[Opening Available data section]
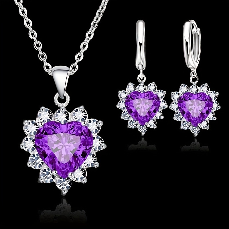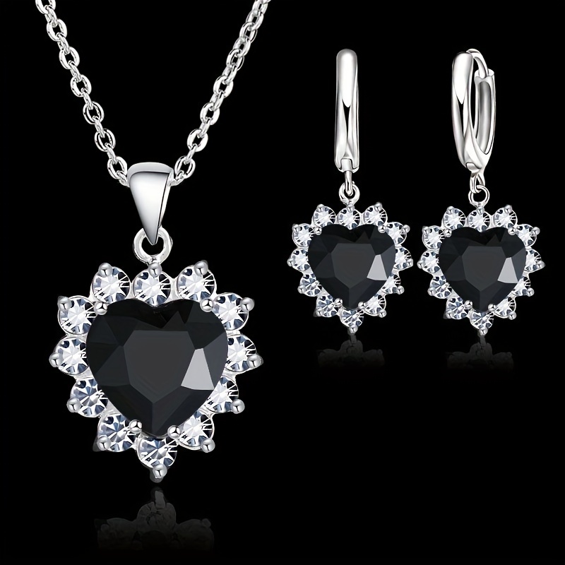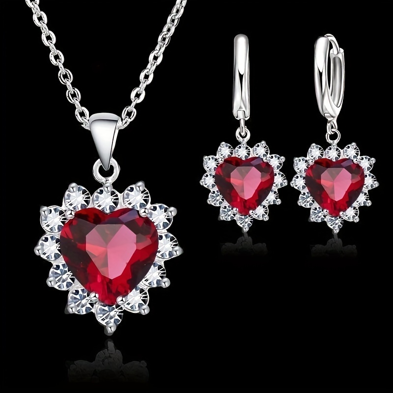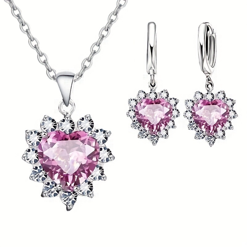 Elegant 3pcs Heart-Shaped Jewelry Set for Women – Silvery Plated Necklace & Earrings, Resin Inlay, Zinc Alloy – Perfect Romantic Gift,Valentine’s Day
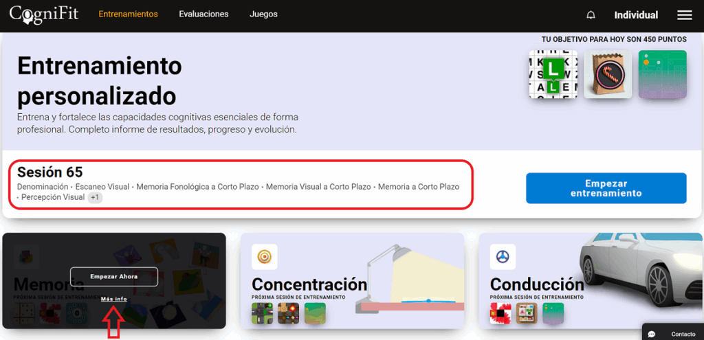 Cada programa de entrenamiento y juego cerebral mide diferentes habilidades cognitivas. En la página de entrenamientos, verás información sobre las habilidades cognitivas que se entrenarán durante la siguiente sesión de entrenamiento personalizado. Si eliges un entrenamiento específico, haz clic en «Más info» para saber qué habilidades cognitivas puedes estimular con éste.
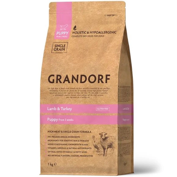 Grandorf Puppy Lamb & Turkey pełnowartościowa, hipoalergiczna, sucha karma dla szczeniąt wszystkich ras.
[Closing Available data section]
### Work item
The material above is to be set down exactly, with pictures removed.

### Result
 Elegant 3pcs Heart-Shaped Jewelry Set for Women – Silvery Plated Necklace & Earrings, Resin Inlay, Zinc Alloy – Perfect Romantic Gift,Valentine’s Day
 Cada programa de entrenamiento y juego cerebral mide diferentes habilidades cognitivas. En la página de entrenamientos, verás información sobre las habilidades cognitivas que se entrenarán durante la siguiente sesión de entrenamiento personalizado. Si eliges un entrenamiento específico, haz clic en «Más info» para saber qué habilidades cognitivas puedes estimular con éste.
 Grandorf Puppy Lamb & Turkey pełnowartościowa, hipoalergiczna, sucha karma dla szczeniąt wszystkich ras.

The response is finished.